The words landed like blows.
Morgana drained her goblet in one swallow and set it aside untouched. The jealousy burned hot now, sharp and ugly, and she hated herself for how small it made her feel.
She had believed, She truly believed that strength mattered most. That loyalty would be enough. She was one of the strongest Lycans in the palace. She could nearly match Caspian stride for stride in battle. She had imagined standing at his side, not behind him.
Instead, she stood in the shadows while Astrid sat in the light.

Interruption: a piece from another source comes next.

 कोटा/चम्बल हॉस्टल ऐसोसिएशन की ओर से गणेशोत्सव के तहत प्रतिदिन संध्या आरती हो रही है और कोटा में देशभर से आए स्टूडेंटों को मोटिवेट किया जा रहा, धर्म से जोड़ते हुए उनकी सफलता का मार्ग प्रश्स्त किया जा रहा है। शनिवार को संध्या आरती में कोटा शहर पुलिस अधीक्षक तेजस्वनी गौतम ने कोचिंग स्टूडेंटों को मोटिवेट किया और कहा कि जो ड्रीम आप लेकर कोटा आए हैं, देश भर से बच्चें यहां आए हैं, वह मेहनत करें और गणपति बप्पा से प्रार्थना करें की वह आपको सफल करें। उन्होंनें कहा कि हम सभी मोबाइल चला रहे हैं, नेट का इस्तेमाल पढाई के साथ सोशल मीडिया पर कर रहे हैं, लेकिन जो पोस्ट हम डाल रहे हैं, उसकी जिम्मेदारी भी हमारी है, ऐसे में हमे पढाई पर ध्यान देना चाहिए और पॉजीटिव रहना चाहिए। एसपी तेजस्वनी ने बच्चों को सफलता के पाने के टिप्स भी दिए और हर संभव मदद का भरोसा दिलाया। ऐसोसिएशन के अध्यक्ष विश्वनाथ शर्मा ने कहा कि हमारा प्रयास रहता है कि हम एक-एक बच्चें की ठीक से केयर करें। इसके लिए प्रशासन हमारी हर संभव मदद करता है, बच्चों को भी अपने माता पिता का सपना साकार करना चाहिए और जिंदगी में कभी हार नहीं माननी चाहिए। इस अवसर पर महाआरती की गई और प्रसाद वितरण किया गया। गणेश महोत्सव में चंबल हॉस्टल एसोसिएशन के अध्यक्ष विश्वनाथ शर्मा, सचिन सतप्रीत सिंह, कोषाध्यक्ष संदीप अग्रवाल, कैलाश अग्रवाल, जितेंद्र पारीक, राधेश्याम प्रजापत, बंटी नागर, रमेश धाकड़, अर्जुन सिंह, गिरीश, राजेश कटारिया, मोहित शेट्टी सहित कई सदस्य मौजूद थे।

Her gaze flicked to Astrid again, noting every detail she had dismissed before. The softness. The way she listened more than she spoke. The faint shimmer beneath her skin when she smiled.
She doesn’t belong here, Morgan told herself. She’s not one of us.
And yet… the pack was already adjusting. Already accepting. Wolves didn’t lie about bonds. They felt truth in their bones.
That truth made Morgan’s stomach churn.
A sudden burst of laughter drew her attention back to the table. Astrid was blushing now, the children clearly pleased with themselves. Caspian watched her like she was something fragile and fierce all at once.
Something snapped.
Not loudly. Not dramatically.
Just enough.
Morgana turned away before anyone could notice the fury on her face. She moved deeper into the palace corridors, the warmth of the hall fading behind her.
This isn’t over, she thought.
She had lost the future she’d imagined but she wasn’t ready to accept it quietly. Not when Astrid had walked in and taken everything without even knowing it.
As Morgana disappeared into the shadows, the laughter from the hall echoed faintly behind her unaware, unguarded.
And that, Morgana decided, would have to change.